# Marimo fell apart!



## iElBeau (Feb 20, 2012)

So apparently I'm just having a million and a half tank issues lately.

This morning, when doing my regular water change on the guppy tank, I pulled out both my marimo for their occasional roll/wash, and one of them *fell apart!* 

Now it's always had a "crack" in it, but not like this - it literally broke in *half* today.

So now it's isolated in a little betta cup. It was about 2 inches in diameter, and was the larger of my two moss balls (both of which I bought at the same time over two years ago). I don't really want to separate it and reform it into several - like what would I do with a million little moss balls?
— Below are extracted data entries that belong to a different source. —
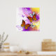 Laranja, borboletas monarcas detalhadas sobre luz, roxo, pitoresco, fundo pintado.
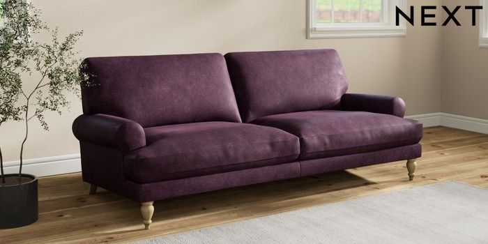 7.2.10 Erin Deep Relaxed Sit 3 Seater Sofa Plush Chenille Dark Plum Purple High Classic Turned - Light | Made Click here to use our website with more accessibility support, for example screen readers
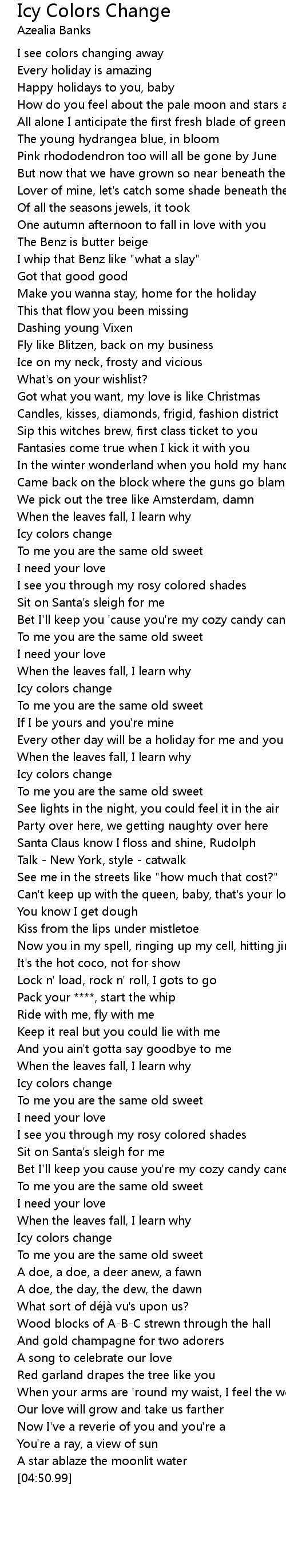 | [01:38.27] | Candles, kisses, diamonds, frigid, fashion district |

LOL.

_Does anyone have thoughts on how I can get this thing to reform?_ 

(Has anyone ever had this happen before? I've never heard of one falling apart…)


----------



## Rimbaum (May 22, 2014)

If it's had a 'crack' in it, it was likely getting ready to split anyways, which is how marimo reproduce. The best thing you can do is roll them into balls, keep one, and maybe you can give away or try to sell the other.


----------



## myexplodingcat (Apr 9, 2014)

They probably won't stay little if they're reproducing. Just reform them.

If you really don't want to do that, you might be able to stitch it back together with acrylic thread. Don't use cotton thread, that'll disintegrate in water.


----------